- **What is being asked**
Without the pictures, set down the records below word for word.

BEGIN Supplied data

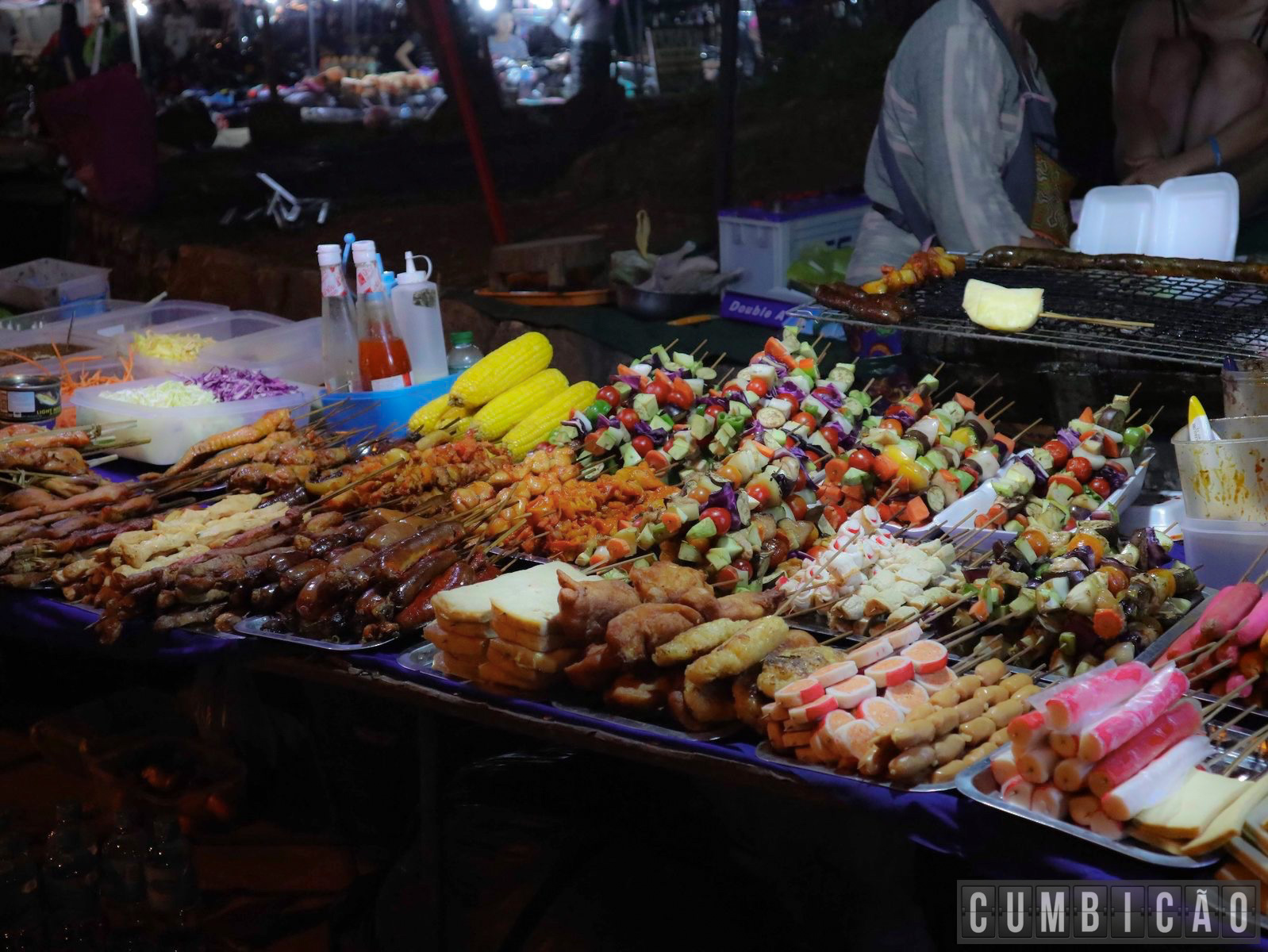 Claro que dentre tantas barracas, tem sempre aquelas interessantíssimas com comida local (e umas esquisitices é verdade) e bebida. Duas verdades sobre as barracas de comida: a primeira é que tem sim muita comida boa e barata – pode parecer difícil, mas supere o medo. A segunda é que as esquisitices vão bem além de grilos e larvas, vi relatos (e fotos) de bancas que vendem até morcegos para comer (santo Batman!!!) – mas não achei.
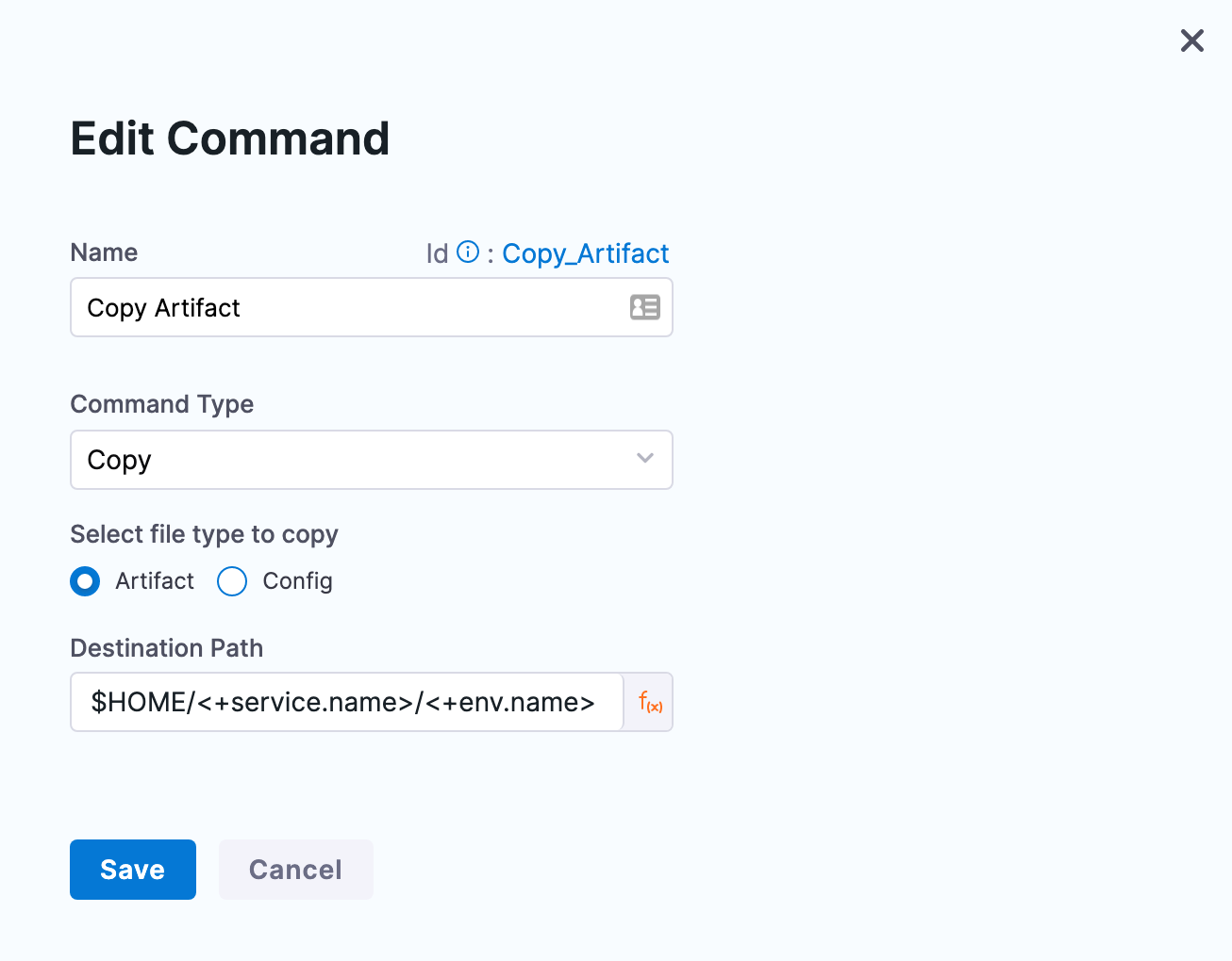 Using the Copy command type, you can copy the deployment artifact onto the target hosts of the deployment.
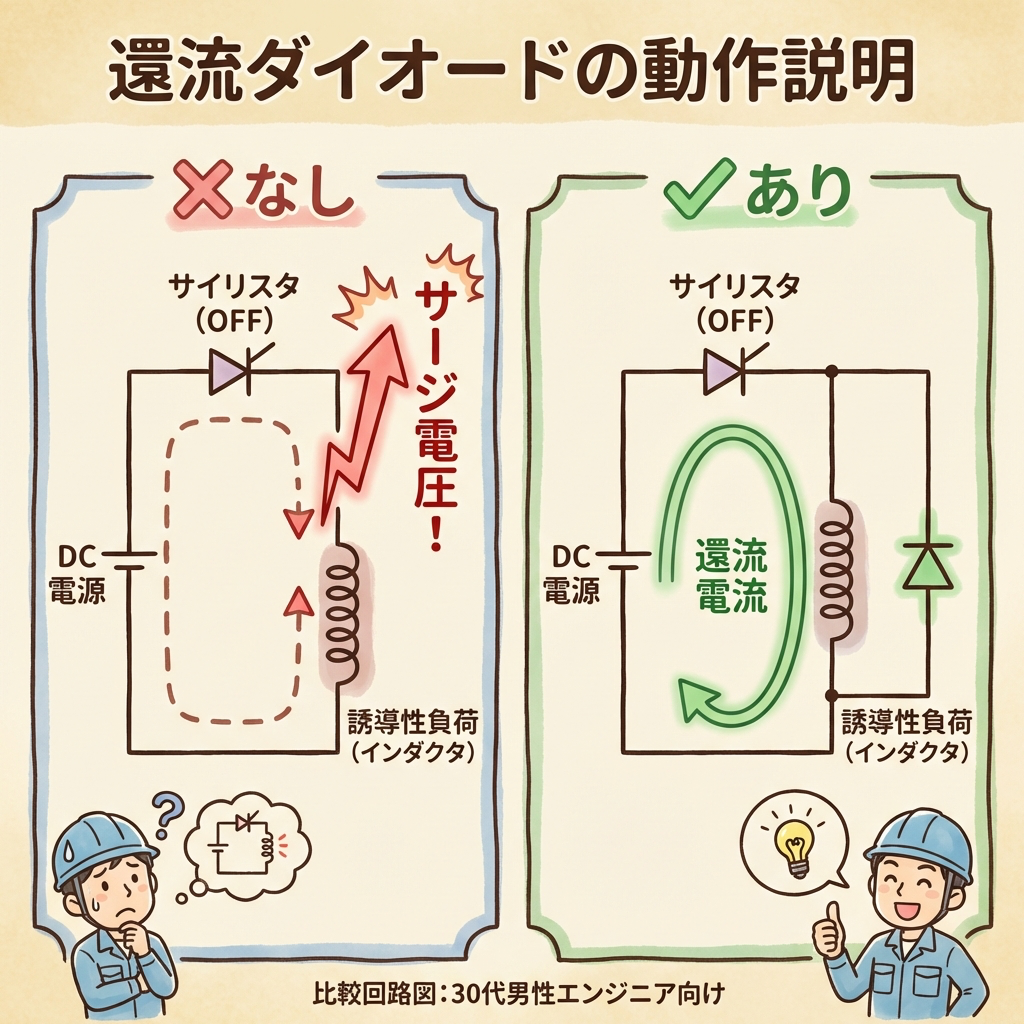 還流ダイオードは誘導負荷の保護に有効ですが、α>90°の逆変換動作(回生制動など)ができなくなります。回生が必要な用途では還流ダイオードなしの完全制御整流器を使い、別の方法でサージ対策をします。
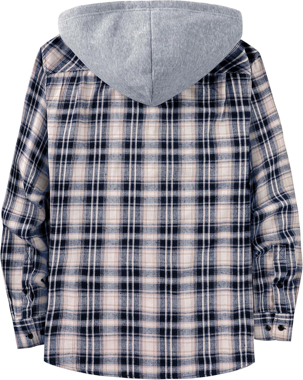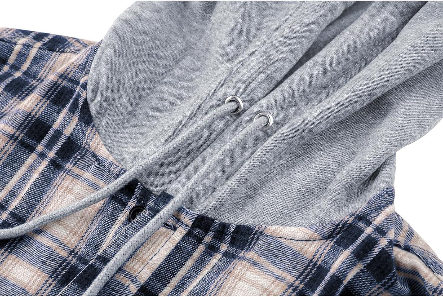 ZITY Men’s Flannel Hoodie Shirts Casual Button Down Plaid Shirt Jackets for Men Long Sleeve Stylish Hooded with Pocket(Dark Grey)
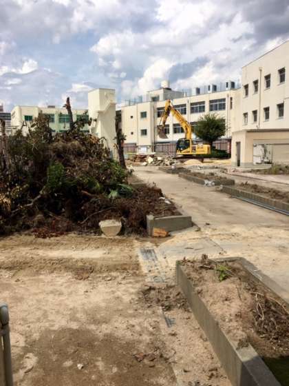 池の周りの渡り廊下も解体されて樹々も切られました。まもなく校舎の姿が見られなくなるのは寂しいですね。
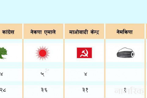 पहिलो चरणमा आइतबार सम्पन्न स्थानीय तह निर्वाचनको प्रारम्भिक मतपरिणामले प्रमुख चार महानगरपालिकासहित सबैभन्दा बढी गाउँपालिकामा एमाले अघिअघि, त्यसपछि क्रमशः काँग्रेस र माओवादी पछिपछि देखिएका छन्।
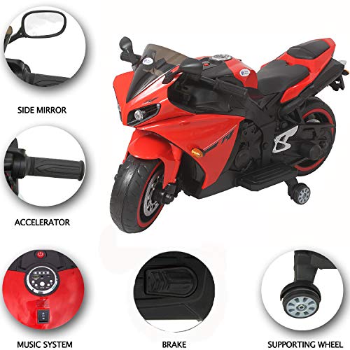 EASY TO RIDE – This Yamaha R1 Rideon Bike is simple for your child to ride on their own with adult supervision. It is battery operated with 550 single motor & Hand accelerator; has working headlights, taillights, wheel lights, exciting bike sound effects, key for start, Digital power display, forward/backward function, MP3 socket with SD/USB card port, adjustable volume, Horn & different inbuilt music for extra style and flair that your child will love.
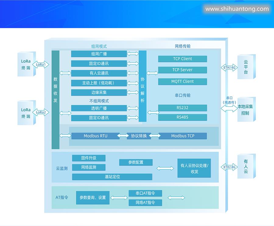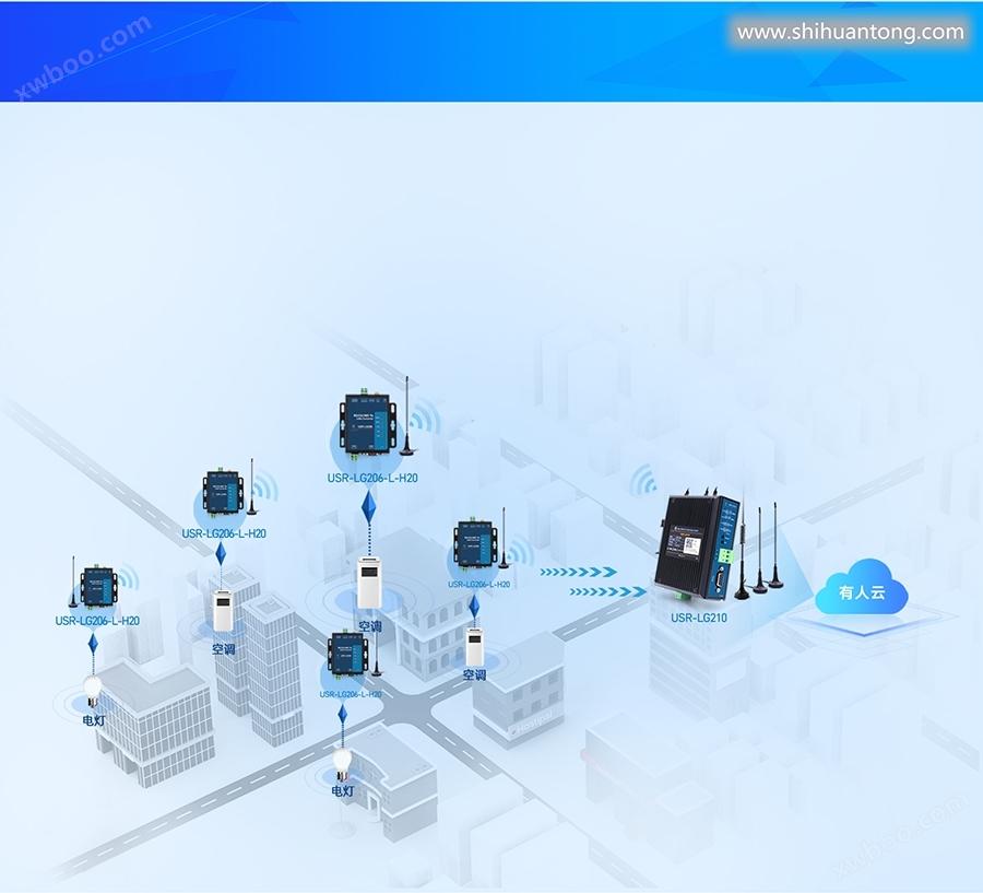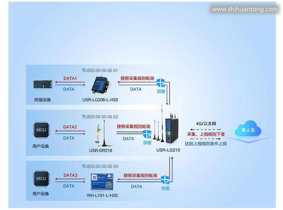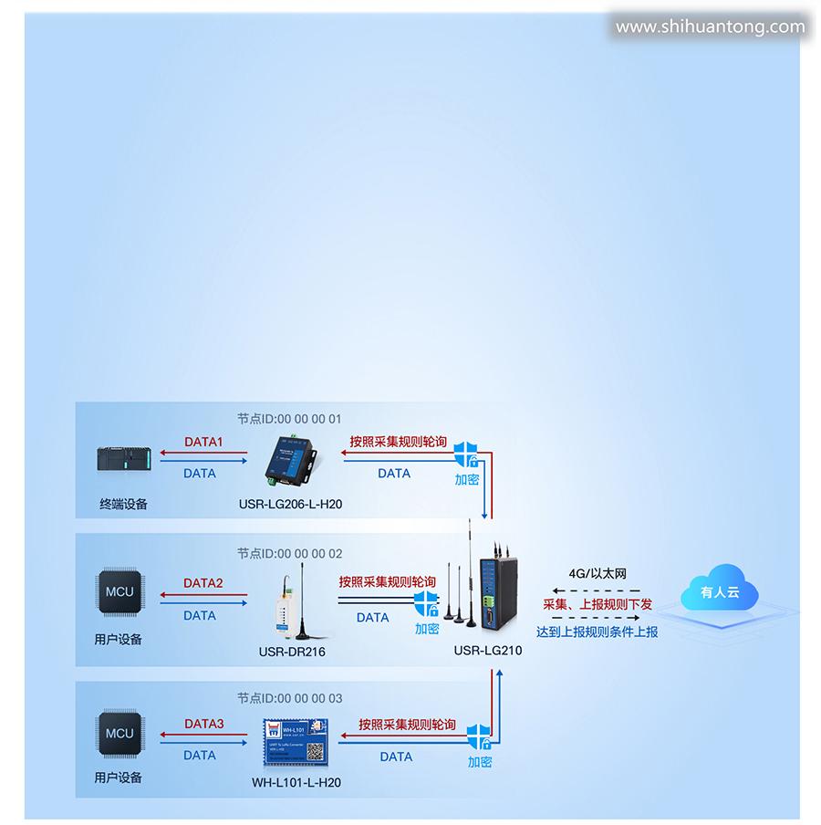 组网模式下,有人云平台将采集规则和上报规则下发至LG210网关,网关采集的

END Supplied data

- **Output for this task**
 Claro que dentre tantas barracas, tem sempre aquelas interessantíssimas com comida local (e umas esquisitices é verdade) e bebida. Duas verdades sobre as barracas de comida: a primeira é que tem sim muita comida boa e barata – pode parecer difícil, mas supere o medo. A segunda é que as esquisitices vão bem além de grilos e larvas, vi relatos (e fotos) de bancas que vendem até morcegos para comer (santo Batman!!!) – mas não achei.
 Using the Copy command type, you can copy the deployment artifact onto the target hosts of the deployment.
 還流ダイオードは誘導負荷の保護に有効ですが、α>90°の逆変換動作(回生制動など)ができなくなります。回生が必要な用途では還流ダイオードなしの完全制御整流器を使い、別の方法でサージ対策をします。
 ZITY Men’s Flannel Hoodie Shirts Casual Button Down Plaid Shirt Jackets for Men Long Sleeve Stylish Hooded with Pocket(Dark Grey)
 池の周りの渡り廊下も解体されて樹々も切られました。まもなく校舎の姿が見られなくなるのは寂しいですね。
 पहिलो चरणमा आइतबार सम्पन्न स्थानीय तह निर्वाचनको प्रारम्भिक मतपरिणामले प्रमुख चार महानगरपालिकासहित सबैभन्दा बढी गाउँपालिकामा एमाले अघिअघि, त्यसपछि क्रमशः काँग्रेस र माओवादी पछिपछि देखिएका छन्।
 EASY TO RIDE – This Yamaha R1 Rideon Bike is simple for your child to ride on their own with adult supervision. It is battery operated with 550 single motor & Hand accelerator; has working headlights, taillights, wheel lights, exciting bike sound effects, key for start, Digital power display, forward/backward function, MP3 socket with SD/USB card port, adjustable volume, Horn & different inbuilt music for extra style and flair that your child will love.
 组网模式下,有人云平台将采集规则和上报规则下发至LG210网关,网关采集的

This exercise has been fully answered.